Atavistic Records
2001
Destroy All Nels Cline
About This Album
In which the lanky longtime axe hero of Los Angeles' creative music scene seeks to "explore the possibilities of many stringed instruments and their timbres...and to create a climate of catharsis." Oh yeah, and get his noise improv rocks off in the guitar army company of close compadres Woodward Lee Aplanalp, Carla Bozulich, and G.E. Stinson. So the relevant consumer warning is for anyone (like maybe Bozulich fans expecting some traces of the Geraldine Fibbers) who find torrential maelstroms of guitar noise anathema to steer clear -- it's dense pack time here with four guitars, rhythm section, and occasional guests Zeena Parkins and Wayne Peet.

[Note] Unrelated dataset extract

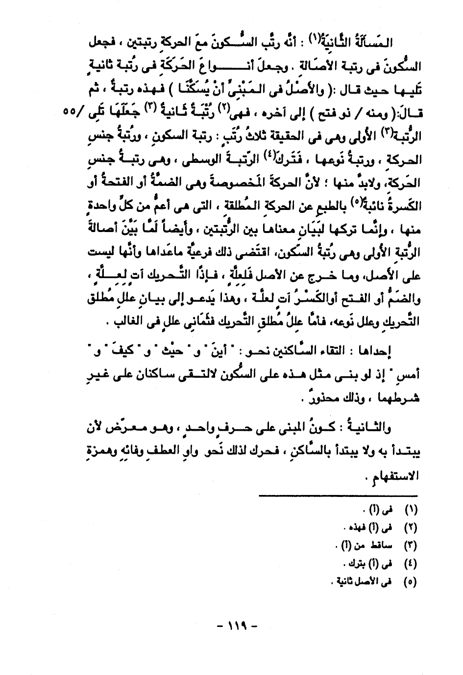 المسألة الثانية: أنه رتب السكون مع الحركة رتبتين، فجعل السكون في رتبة الأصالة، وجعل أنواع الحركة في رتبة ثانية تليها قال: (والأصل في المبنى أن يسكّنا) فهذه رتبة، ثم قال: (ومنه ذو فتح) غلى آخره، فهي رتبة ثانية جعلها تلي الرتبة الأوى وهي في الحقيقة ثلاث رتب: رتبة السكون، ورتبة جنس الحركة، ورتبة نوعها، فترك الرتبة الوسطى، وهي رتبة جنس الحركة، ولا بد منها؛ لأن الحركة المخصوصة وهي الضمة أو الفتحة أو الكسرة نائبة بالطبع عن الحركة المطلقة، التي هي أعم من كل واحدة منها، وإنما تركها لبيان معناها بين الرتبتين، وأيضا لما بين أصالة الرتبة الأولى وهي رتبة السكون، اقتضى ذلك فرعية ما عداها وأنها ليست على الأصل، وما خرج عن الأصل فلعله، فإذا التحريك آت لعلة، والضم أو الفتح أو الكسر آت لعلة، وهذا يدعو إلى بيان علل مطلق التحريك وعلل نوعه، فأما علل مطلق التحريك فثماني علل في الغالب.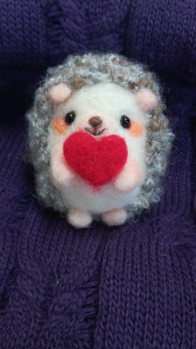 3 19 #バレンタイン #羊毛フェルト #ハリネズミ #ハンドメイド バレンタインが近いから、♥持たせてみました( ╹▽╹ ) 22/02/06 10:46

There's no easy entry, because "Spider Wisdom" leaps right in with abstract swatches of guitar effects -- the sonic treatments come creeping and crawling at you from all sides of the web. Cline's pieces rarely stay in one vein, so "Chicagoan" boasts stated themes before locking into a foundation riff with a space bloop effects solo by Aplanalp that resolves into a holocaust, followed by a very direct Cline solo over that almost vintage jazz-rock fusion riff.

The stately "Progression" waxes melancholy, "The Ringing Hand" is an extended display of Cline's lyrical side, and "Friends of Snowman," a dreamy, crystalline dynamics downshift that evokes the sound of snowflakes falling.